The core of the tool is the MOO engine that identifies trade-offs between environmental outcomes and effort, and efficient strategies in the objective space. ESPRES applies multi objective genetic algorithm (GA) as optimization technique to find efficient management strategies. GA are population-based, stochastic search techniques, widely used as efficient global optimizer. However, optimization methods usually require numerous evaluations of candidate solutions. For many real world problems, the evaluation of a single function/model is computationally time-consuming and hence often practically prohibitive. The solution for using GA in complex applications lies in the use of metamodels that replace the original functions by quicker approximate functions (Razavi et al., 2012), which abate computation time substantially (Bhattacharya, 2013).

The original environmental models were not ingested directly but employed to create two metamodels (one for the water quantity and one for water quality). The metamodel is like a multiple linear regression where the effect of the concurrent application of multiple stressors in a basin is calculated from the sum of individual contributions of each model spatial unit. In practical terms, the metamodel is a matrix with the environmental stress reduction in each sub-basin brought by a 1% reduction of pressure in each pressure driver. The matrices have been calculated running the environmental models applying stepwise reductions of pressures on individual (regional and sectorial) units (Fig. 3).
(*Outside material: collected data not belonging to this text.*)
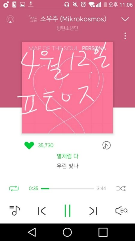 되고 있는 거 맞아??ㅠㅠ 권장 리스트대로 재생목록에 다 담고 반복재생 눌러놓고 하트도 하나씩 누르고 있어!!! 스밍 첨이라 떨린다 후,,, ㅜ 쓸데없는 질문 해서 미안해ㅠㅡㅠ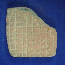 | Description / विवरण | Terracotta tablet, square in shape with chequered designs in one surface and other is plain. One corner is broken. |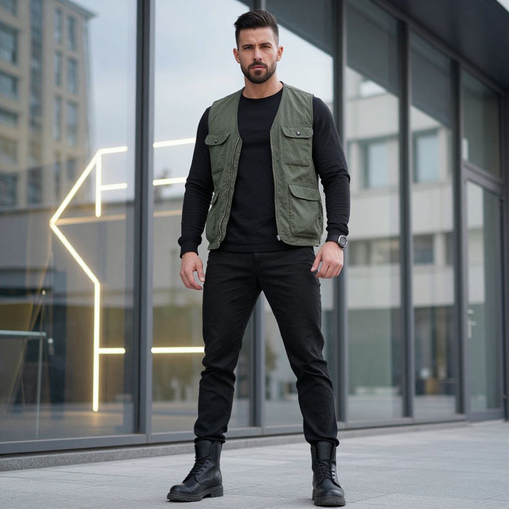 A confident man stands outdoors in a modern urban setting wearing a military green vest over a black long-sleeve shirt paired with black pants and black boots. His pose and attire convey a stylish, casual look with a utilitarian edge against the backdrop of sleek glass architecture.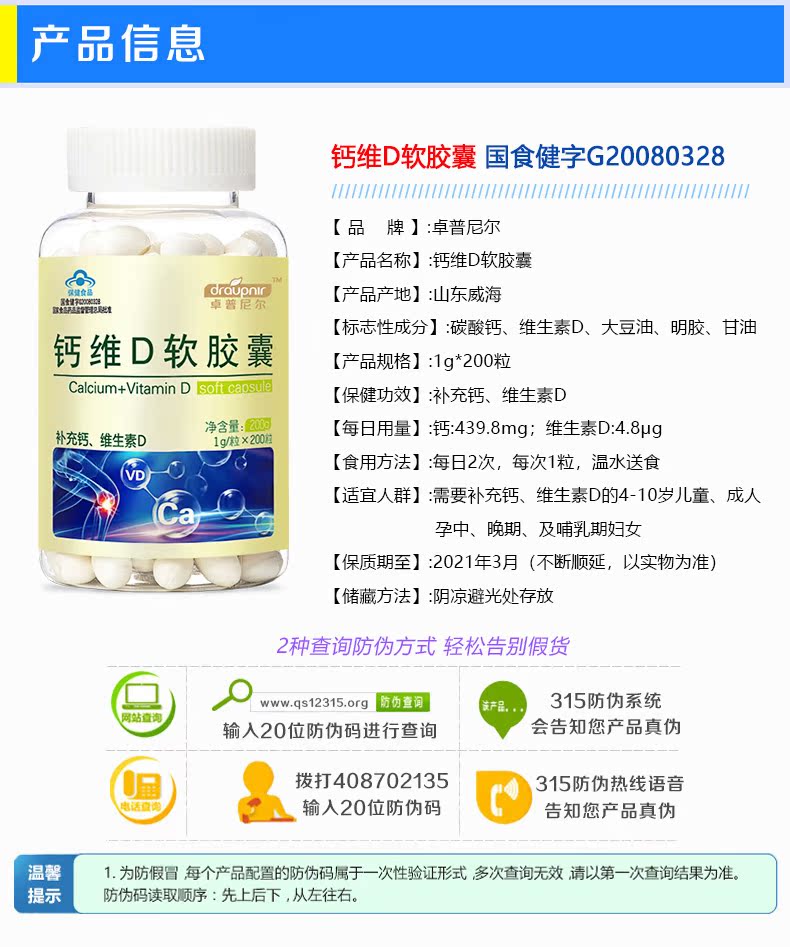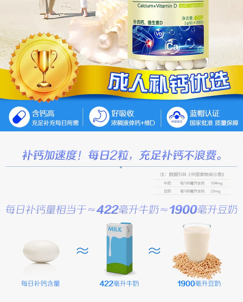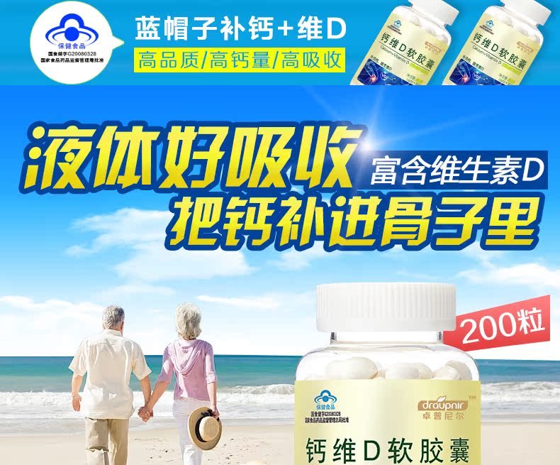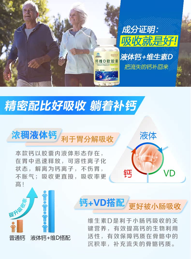 【买2送钙D+维C】1瓶200粒,液体钙配方好吸收!不只是补维生素D,还有补钙,双效合一,给骨质关节充分营养,增强身体免疫力,补充每日所需,身体有活力,年轻老年人都可以的补钙选择【蓝帽子认证】

The web interface provides a point of access to search for efficient pressure reduction strategies reflecting the stakeholder (i.e. the web-tool user) perception of entailed effort. The tool has functionalities to set the effort, explore the baseline situation in relation to environmental pressures and water status, analyse and visualize changes due to management strategies through graphs and maps. The tool applies a management reduction strategy, assesses the strategy environmental outcome (new water status), and compares it with the current basin condition (Baseline Scenario, BLS) or another solution.

Software implementation

ESPRES is implemented using R (R Core Team, 2014), an open-source software for statistical computing. The client/server application is coded in Shiny (RStudio, Inc., 2014; Chang et al., 2019) that provides a standardized, interactive interface for visualizing, exploring and analyzing pressures reduction management strategies. Shiny framework uses a reactive programming model and provides an automatic binding reaction between inputs, outputs and widgets to build dynamic web applications. Reactivity lets the app instantly update itself whenever the user makes a change. It is also easy to customize the overall appearance using JavaScript, CSS stylesheet and HTML code.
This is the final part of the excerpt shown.